● GOAL OF THE EXERCISE: Leaving out every picture, copy the lines of the data exactly, from the first through the line containing "- Warzywa umyć.".

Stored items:
========================================
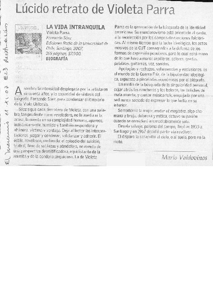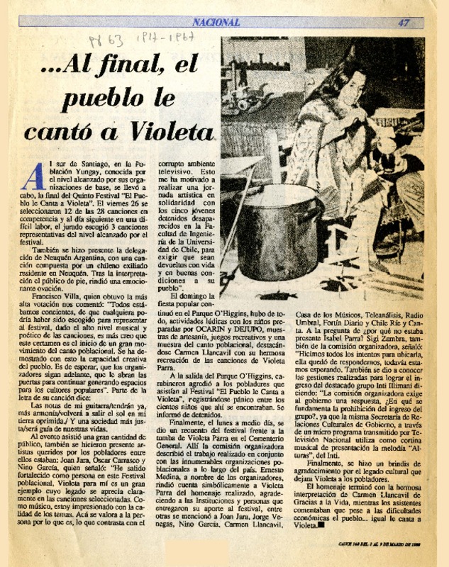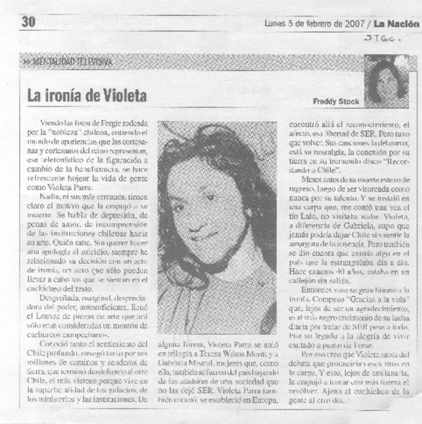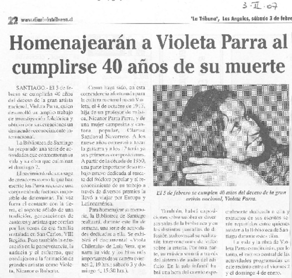 5 de febrero... muerte de Violeta Parra [artículo] Juan Meza Sepúlveda.
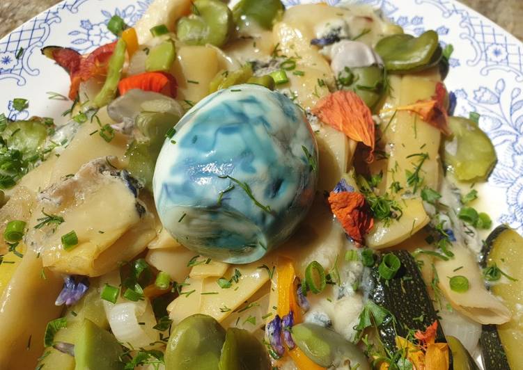 - Warzywa umyć. Ugotować na parze. Cebulę zamarynować z niebieskimi kwiatami. Ser pokroić w drobna kostkę..
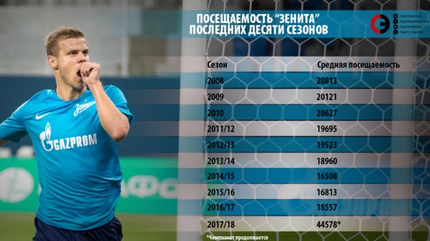 Почти 45 тысяч зрителей на матчах "Зенита" – результат, вполне сопоставимый с тем, что демонстрируют команды Англии и Германии. В прошлом сезоне "Спартак" (32 760 зрителей) не смог побить рекорд "Алании" 1995 года (35 046 зрителей), но сейчас можно не сомневаться – рекорд владикавказцев не устоит.
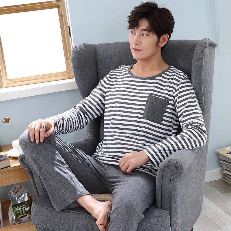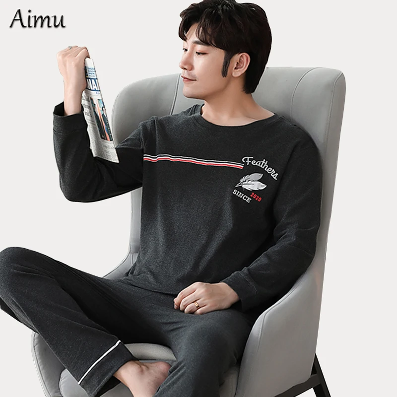Мужская одежда для сна осень-зима для отдыха с эластичным поясом Хлопковая мужская ночная рубашка с длинным рукавом Топ Длинные брюки Мужской пижамный комплект домашняя одежда
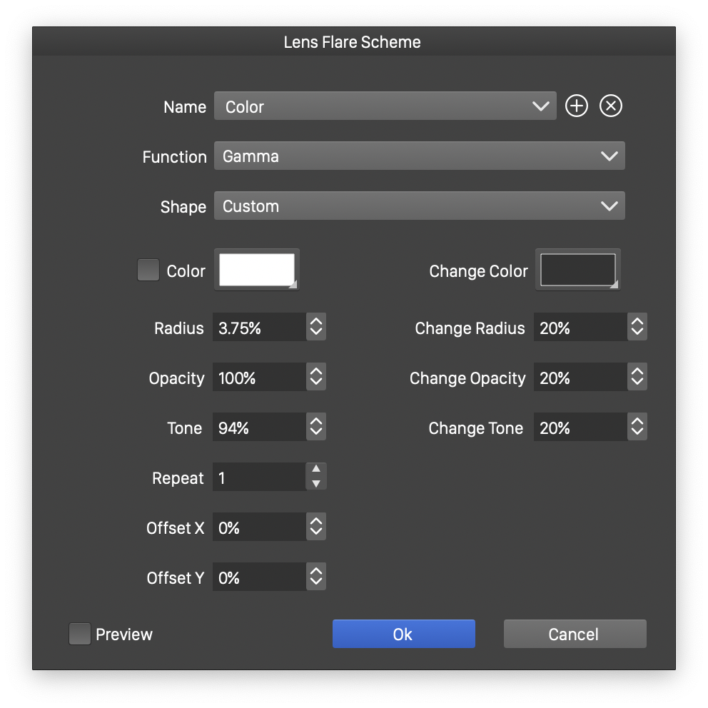 - Preview - Enable or disable the previewing of the current lens flare scheme options.
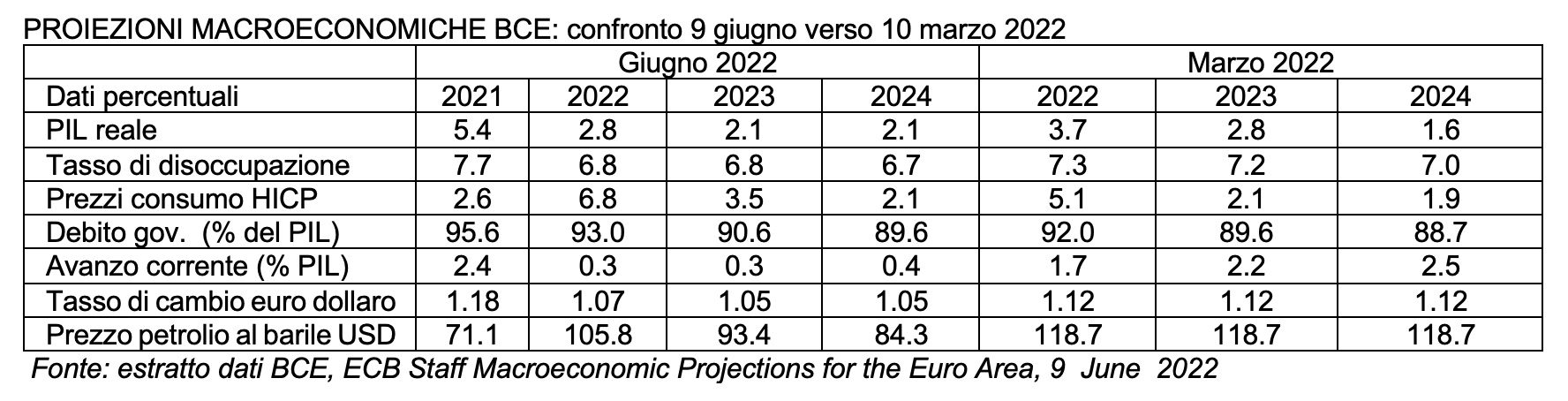 - alcuni esperti ipotizzavano che BCE proiettasse una crescita 2022 al +2,9%, riducendola di 80 basis point rispetto al dato di marzo (+3.7%).
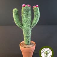 I needle felted this cactus using natural wool fibres and the pot is a real terracotta plant pot. This Saguaro is in flower and is wearing a crown of red blooms, which are tiny dried flowers that have been dyed. There are smaller flowers on the tip of one “arm”.
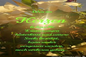 | Was im Herzen liebevolle Erinnerungen hinterlässt Bild (79.65 KB) 9Herziges → Sprüche | Herziges → Sprüche | 17.03.22-10:00 | ||
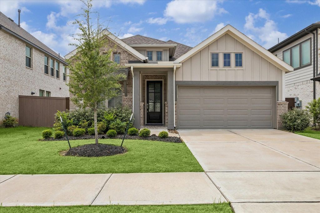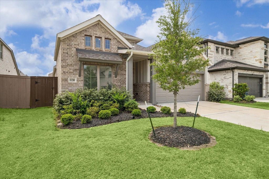 Beautiful move-in ready home in Humble offering the open-concept layout and modern finishes today's buyers want. Step inside to a bright, spacious living area with wood-look tile floors, recessed lighting, motorized blinds, and a wall of windows that fill the home with natural light. The stylish island kitchen features quartz countertops, white shaker cabinets, stainless steel appliances, gas cooktop, pendant lights, and a walk-in pantry, making it perfect for cooking and entertaining. The private primary suite includes a large bedroom and spa-inspired bath with soaking tub, separate glass-enclosed shower, dual vanities, and generous walk-in closet. Secondary bedrooms provide flexible space for guests, kids, an office, or hobby room. Outside, enjoy great curb appeal, a covered front porch, fenced backyard, and covered patio, ideal for relaxing evenings, pets, or weekend barbecues with convenient access to major Houston commuter routes, shopping, and entertainment, only 15 min to IAH.
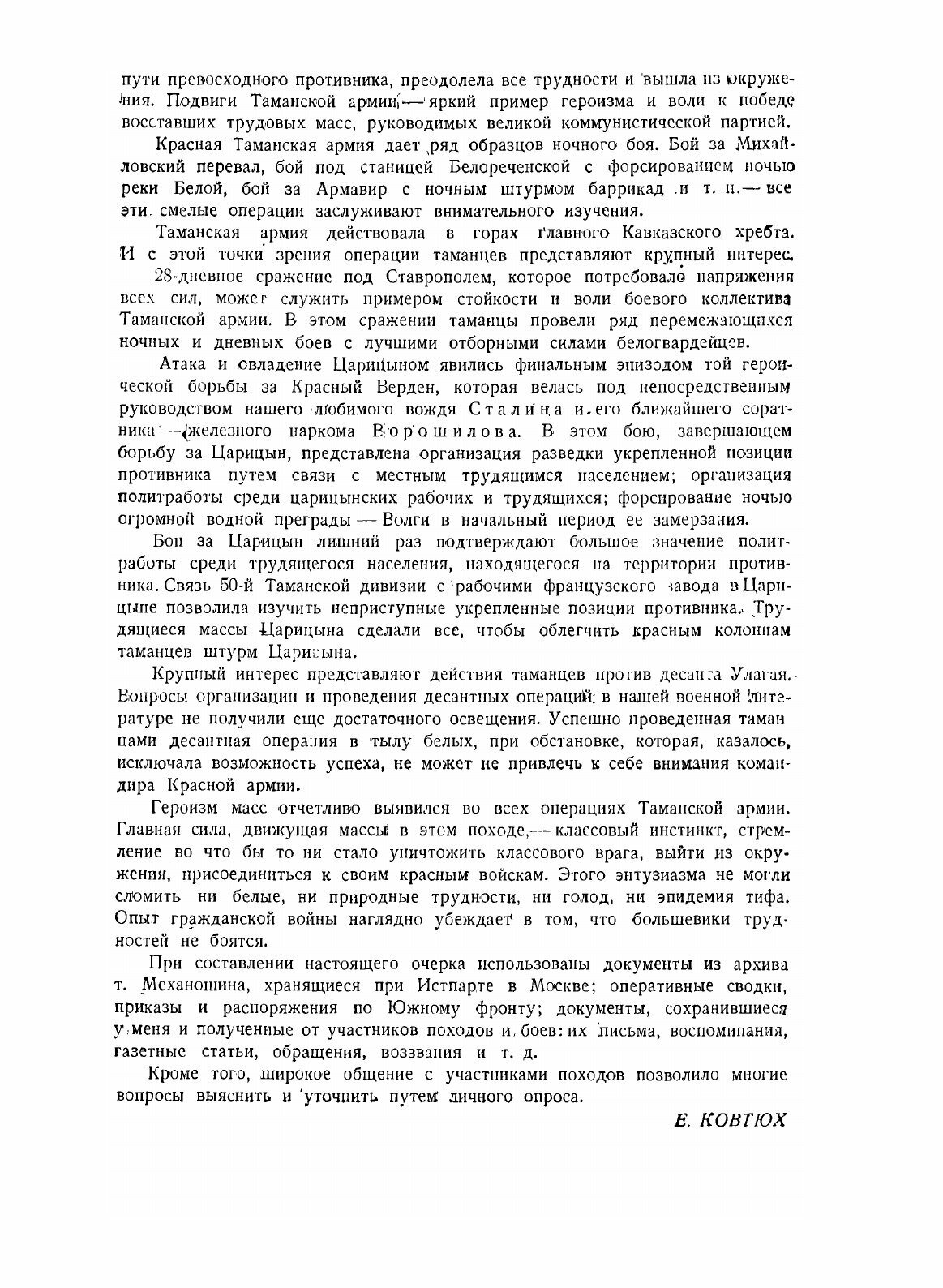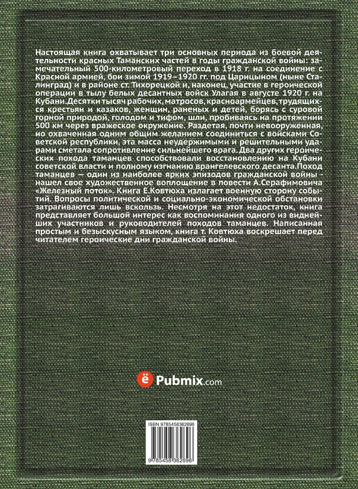 Настоящая книга охватывает три основных периода из боевой деятельности красных Таманских частей в годы гражданской войны: замечательный 500-километровый переход в 1918 г. на соединение с Красной армией, бои зимой 1919–1920 гг. под Царицыном (ныне Сталинград) и в районе ст. Тихорецкой и, наконец, участие в героической операции в тылу белых десантных войск Улагая в августе 1920 г. на Кубани.Десятки тысяч рабочих, матросов, красноармейцев, трудящихся крестьян и казаков, женщин, раненых и детей, борясь с суровой горной природой, голодом и тифом, шли, пробиваясь на протяжении 500 км через вражеское окружение. Раздетая, почти невооруженная, но охваченная одним общим желанием соединиться с войсками Советской республики, эта масса неудержимыми и решительными ударами сметала сопротивление сильнейшего врага. Два других героических похода таманцев способствовали восстановлению на Кубани советской власти и полному изгнанию врангелевского десанта.Поход таманцев — один из наиболее ярких эпизодов гражданской войны - нашел свое художественное воплощение в повести А.Серафимовича «Железный поток». Книга Е.Ковтюха излагает военную сторону событий. Вопросы политической и социально-экономической обстановки затрагиваются лишь вскользь. Несмотря на этот недостаток, книга представляет большой интерес как воспоминания одного из виднейших участников и руководителей походов таманцев. Написанная простым и безыскусным языком, книга т. Ковтюха воскрешает перед читателем героические дни гражданской войны.
========================================
● SOLUTION FOR THIS PROBLEM:
 5 de febrero... muerte de Violeta Parra [artículo] Juan Meza Sepúlveda.
 - Warzywa umyć. Ugotować na parze. Cebulę zamarynować z niebieskimi kwiatami. Ser pokroić w drobna kostkę..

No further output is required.